United States Declaration of Independence

04/07/1776
1823 facsimile of the engrossed copy
Declaration of Independence / Artist: John Trumbull
America the Story of Us: Declaration of Independence | History

The United States Declaration of Independence (formally The unanimous Declaration of the thirteen united States of America) is the pronouncement adopted by the Second Continental Congress meeting in Philadelphia, Pennsylvania, on July 4, 1776. The Declaration explained why the Thirteen Colonies at war with the Kingdom of Great Britain regarded themselves as thirteen independent sovereign states, no longer under British rule. With the Declaration, these new states took a collective first step toward forming the United States of America.
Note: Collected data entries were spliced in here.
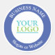 Personalise this sticker with your Company Logo, Business Name, slogan, website or any text you want. White text on blue circle. Click “Customise” to easily change colours and type styles.
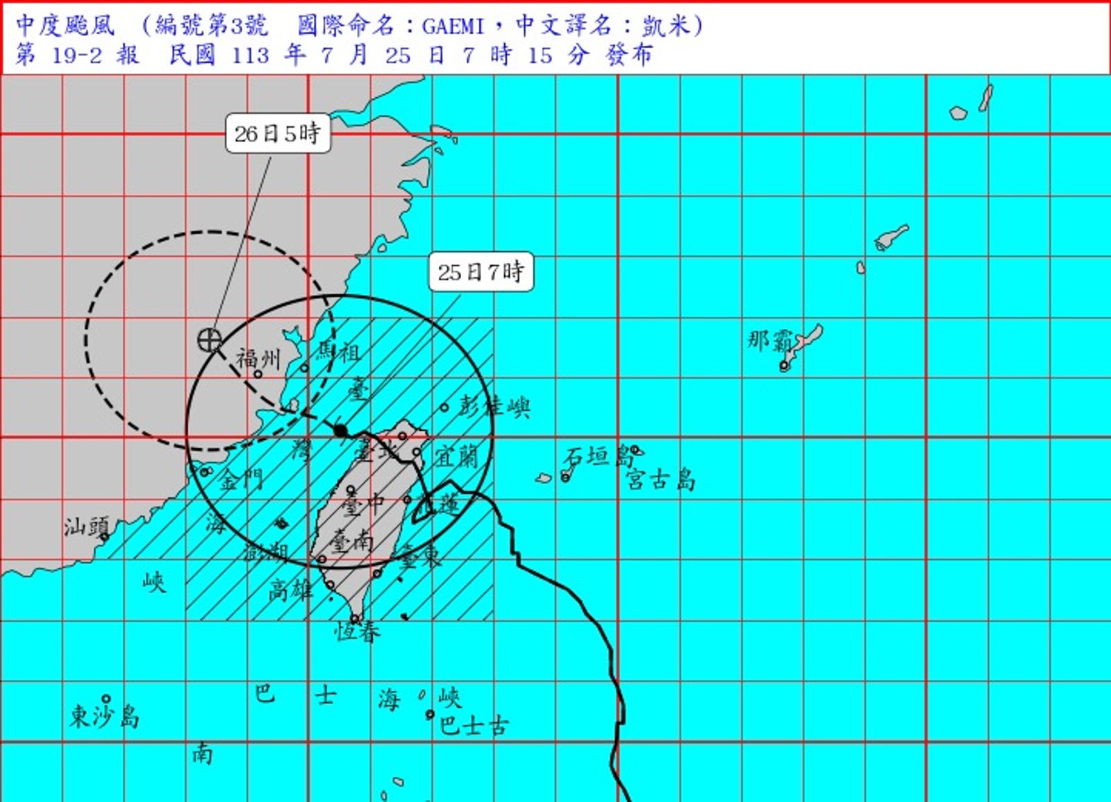 中央氣象署指出,凱米颱風中心預計傍晚會登陸福建,台灣本島陸上台灣警報最快在晚上解除。
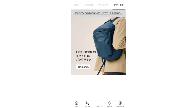 アークテリクスの公式オンラインストアアプリは必ずインストールしておいてください
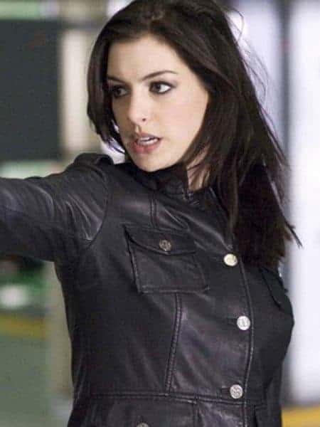 DESC: This overwhelming Anne Hathaway jacket is accessible in real cowhide leather with an internal thick covering. The Anne Hathaway Get Keen Dark Cowhide Coat has a standup neckline and fastened conclusion that makes it captivate everyone. Comprising of no zippers on the whole coat, the slick Specialist jacket has two fluttered pockets with buttons, two fluttered button pockets on the front, one fluttered pocket on the sleeve also alongside two inside pockets.

The declaration was signed by representatives from New Hampshire, Massachusetts Bay, Rhode Island, Connecticut, New York, New Jersey, Pennsylvania, Maryland, Delaware, Virginia, North Carolina, South Carolina, and Georgia.
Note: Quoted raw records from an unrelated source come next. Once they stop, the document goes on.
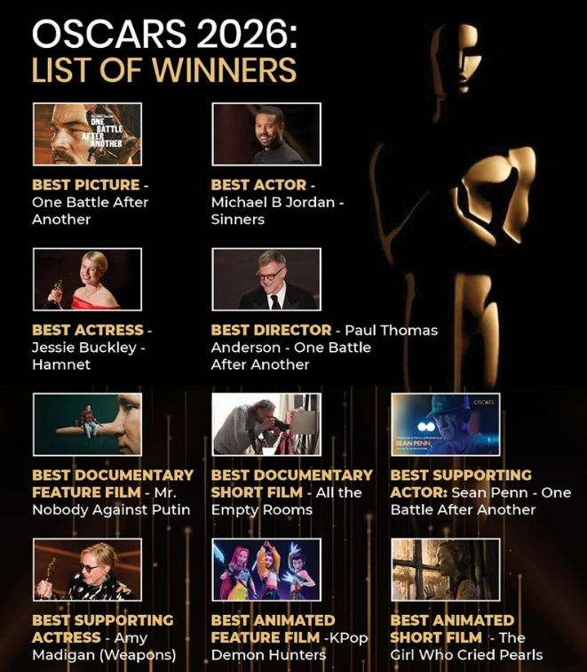 - The winners of the 98th Academy Awards (Oscars 2026) were announced in Los Angeles, United States.
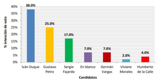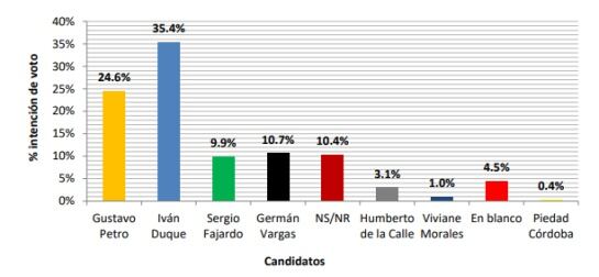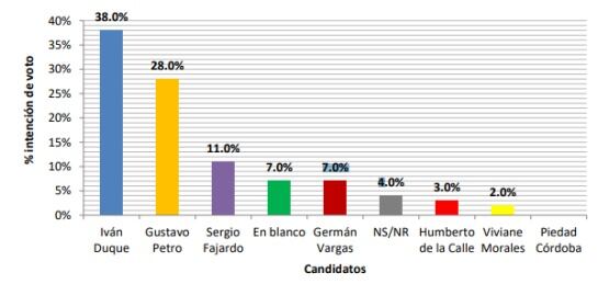A su vez, la  encuesta adelantada por la firma Yanhaas ,se aproximó al porcentaje final que obtuvo el candidato Iván Duque.
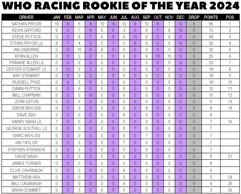 Those 12 races helped Nathan claim the 2024 WHO Rookie of the Year award, taking home an AFX Formula-N car to help him on his 2025 WHO journey. Kevin and Steve complete the rookie podium, with Ethan getting a spot in the WHO Hall of Fame as our 2024 top junior rookie...
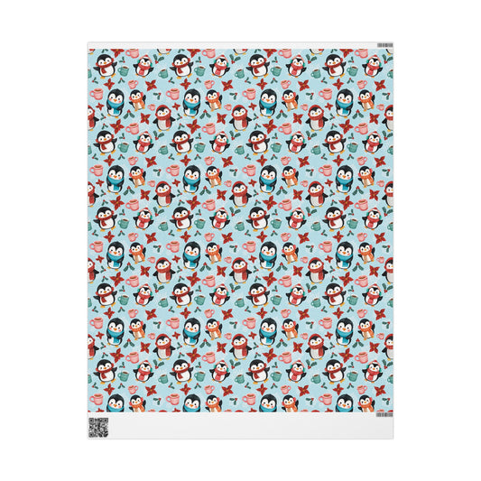 Christmas Wrapping Papers, Penguins and Snowflakes Gift Wrap, Holiday Gift Packaging, Festive Gift Wrap, Wrapping Paper Sheets, Cute

The Lee Resolution for independence was passed by the Second Continental Congress on July 2 with no opposing votes. The Committee of Five had drafted the Declaration to be ready when Congress voted on independence. John Adams, a leader in pushing for independence, had persuaded the committee to select Thomas Jefferson to compose the original draft of the document, which Congress edited to produce the final version. The Declaration was a formal explanation of why Congress had voted to declare independence from Great Britain, more than a year after the outbreak of the American Revolutionary War. Adams wrote to his wife Abigail, "The Second Day of July 1776, will be the most memorable Epocha, in the History of America" – although Independence Day is actually celebrated on July 4, the date that the wording of the Declaration of Independence was approved.

After ratifying the text on July 4, Congress issued the Declaration of Independence in several forms. It was initially published as the printed Dunlap broadside that was widely distributed and read to the public. The source copy used for this printing has been lost and may have been a copy in Thomas Jefferson's hand. Jefferson's original draft is preserved at the Library of Congress, complete with changes made by John Adams and Benjamin Franklin, as well as Jefferson's notes of changes made by Congress. The best-known version of the Declaration is a signed copy that is displayed at the National Archives in Washington, D.C., and which is popularly regarded as the official document. This engrossed copy (finalized, calligraphic copy) was ordered by Congress on July 19 and signed primarily on August 2.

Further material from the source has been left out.